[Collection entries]
• • •
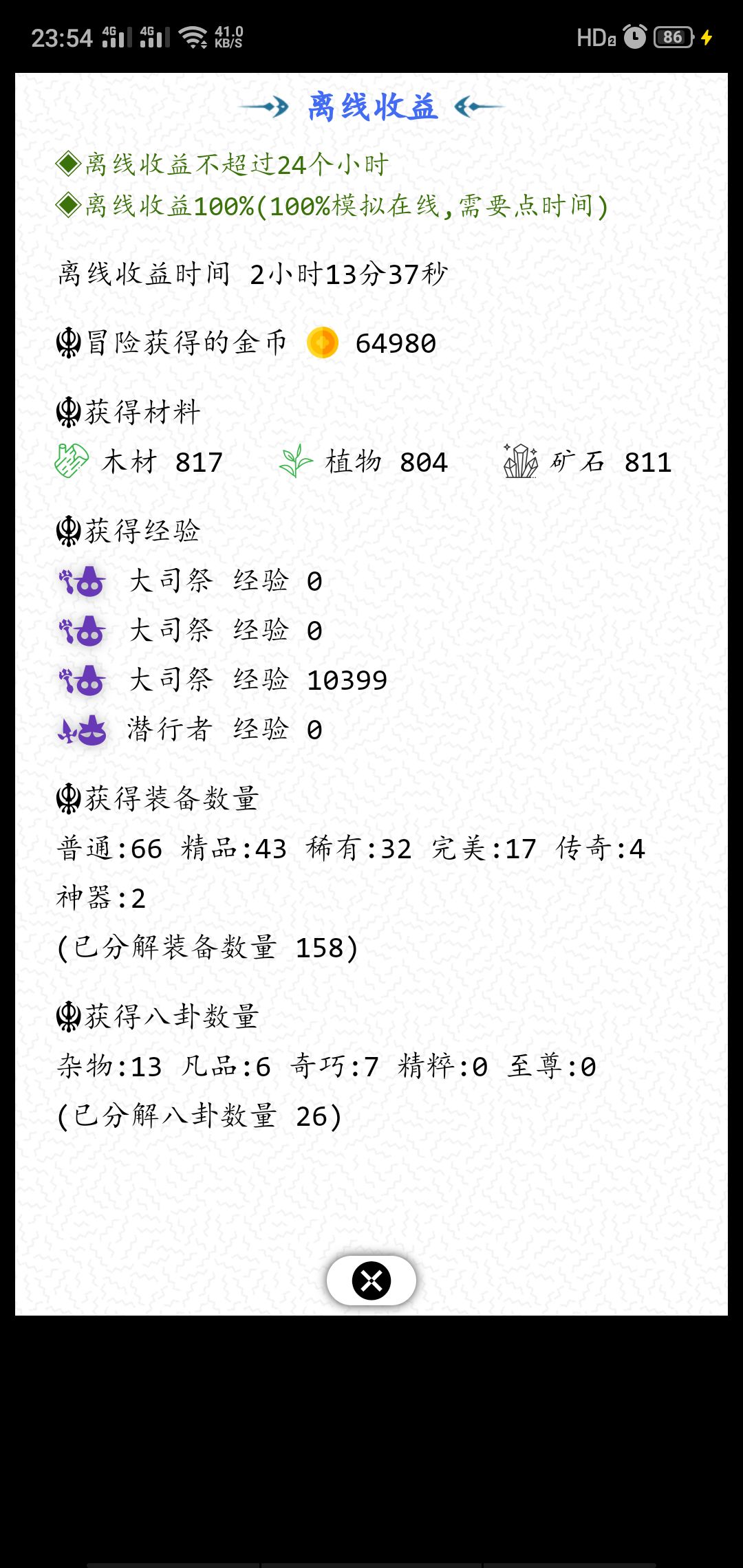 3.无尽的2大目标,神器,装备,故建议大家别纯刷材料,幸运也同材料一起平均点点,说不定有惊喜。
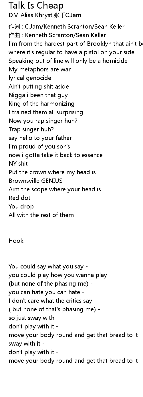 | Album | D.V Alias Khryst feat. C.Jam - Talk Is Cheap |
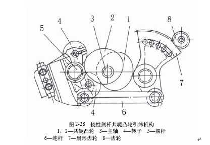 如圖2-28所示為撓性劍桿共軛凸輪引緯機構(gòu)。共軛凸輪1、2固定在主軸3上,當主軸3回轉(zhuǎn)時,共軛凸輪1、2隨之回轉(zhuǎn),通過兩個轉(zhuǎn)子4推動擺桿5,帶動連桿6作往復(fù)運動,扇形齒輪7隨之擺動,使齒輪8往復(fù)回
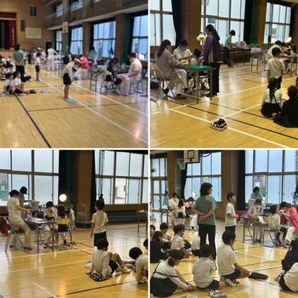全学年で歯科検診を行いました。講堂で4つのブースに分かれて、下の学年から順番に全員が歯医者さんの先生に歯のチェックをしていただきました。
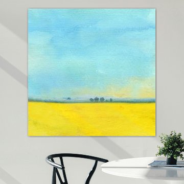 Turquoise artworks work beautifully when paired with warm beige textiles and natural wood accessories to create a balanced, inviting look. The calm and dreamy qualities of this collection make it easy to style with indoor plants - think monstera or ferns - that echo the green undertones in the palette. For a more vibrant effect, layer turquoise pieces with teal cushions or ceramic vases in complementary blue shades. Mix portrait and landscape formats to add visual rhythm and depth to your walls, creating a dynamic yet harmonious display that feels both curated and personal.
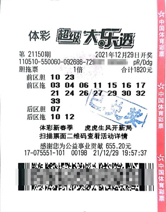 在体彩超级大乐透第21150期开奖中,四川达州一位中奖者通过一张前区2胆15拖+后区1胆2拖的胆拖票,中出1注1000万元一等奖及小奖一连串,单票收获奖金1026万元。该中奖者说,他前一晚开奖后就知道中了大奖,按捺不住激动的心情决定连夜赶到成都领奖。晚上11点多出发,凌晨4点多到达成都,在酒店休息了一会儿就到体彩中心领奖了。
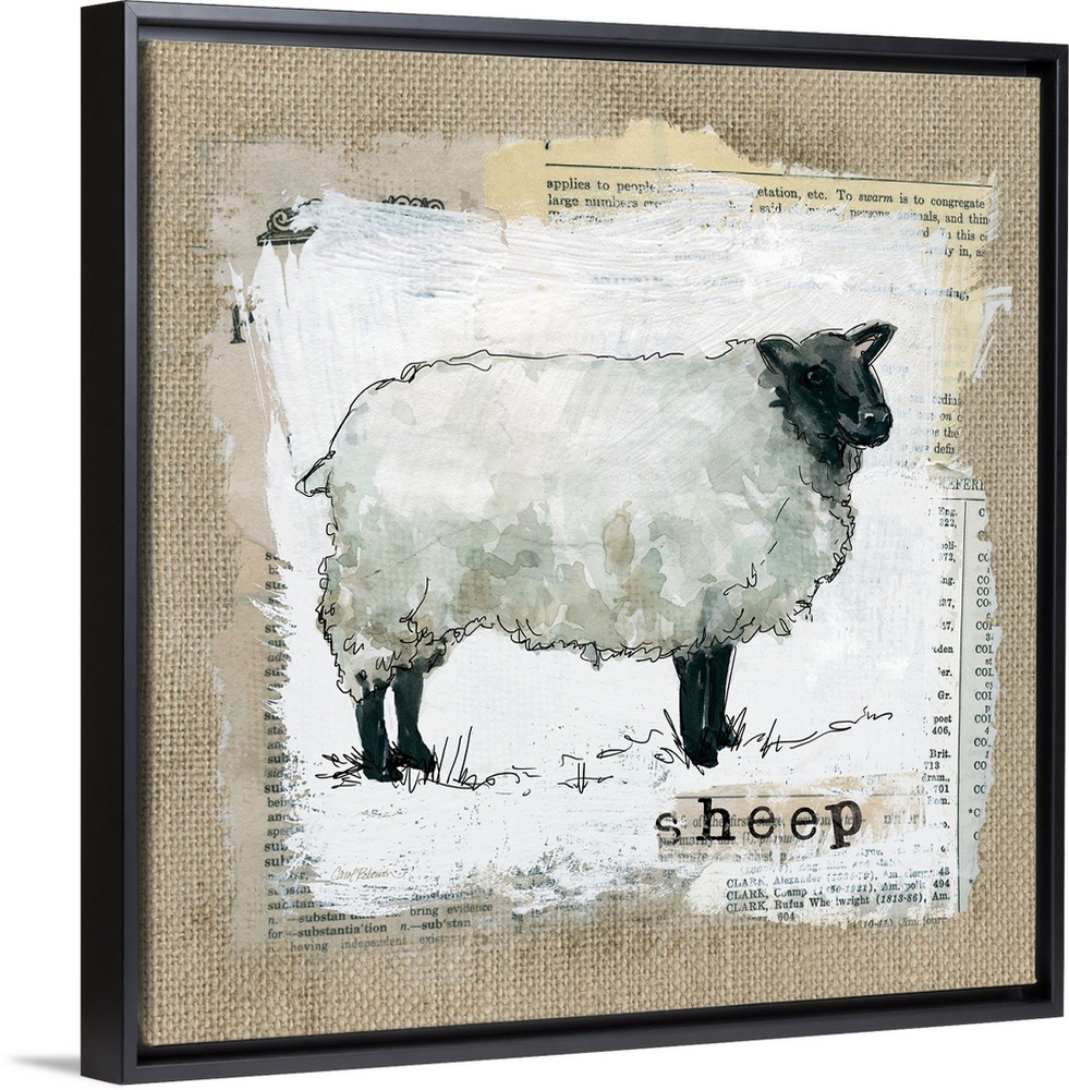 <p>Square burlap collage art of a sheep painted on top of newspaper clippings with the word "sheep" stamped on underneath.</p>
• • •
[AIM OF THE TASK]
With the pictures removed, return the data above word for word.

[OUTPUT]
 3.无尽的2大目标,神器,装备,故建议大家别纯刷材料,幸运也同材料一起平均点点,说不定有惊喜。
 | Album | D.V Alias Khryst feat. C.Jam - Talk Is Cheap |
 如圖2-28所示為撓性劍桿共軛凸輪引緯機構(gòu)。共軛凸輪1、2固定在主軸3上,當主軸3回轉(zhuǎn)時,共軛凸輪1、2隨之回轉(zhuǎn),通過兩個轉(zhuǎn)子4推動擺桿5,帶動連桿6作往復(fù)運動,扇形齒輪7隨之擺動,使齒輪8往復(fù)回
全学年で歯科検診を行いました。講堂で4つのブースに分かれて、下の学年から順番に全員が歯医者さんの先生に歯のチェックをしていただきました。
 Turquoise artworks work beautifully when paired with warm beige textiles and natural wood accessories to create a balanced, inviting look. The calm and dreamy qualities of this collection make it easy to style with indoor plants - think monstera or ferns - that echo the green undertones in the palette. For a more vibrant effect, layer turquoise pieces with teal cushions or ceramic vases in complementary blue shades. Mix portrait and landscape formats to add visual rhythm and depth to your walls, creating a dynamic yet harmonious display that feels both curated and personal.
 在体彩超级大乐透第21150期开奖中,四川达州一位中奖者通过一张前区2胆15拖+后区1胆2拖的胆拖票,中出1注1000万元一等奖及小奖一连串,单票收获奖金1026万元。该中奖者说,他前一晚开奖后就知道中了大奖,按捺不住激动的心情决定连夜赶到成都领奖。晚上11点多出发,凌晨4点多到达成都,在酒店休息了一会儿就到体彩中心领奖了。
 <p>Square burlap collage art of a sheep painted on top of newspaper clippings with the word "sheep" stamped on underneath.</p>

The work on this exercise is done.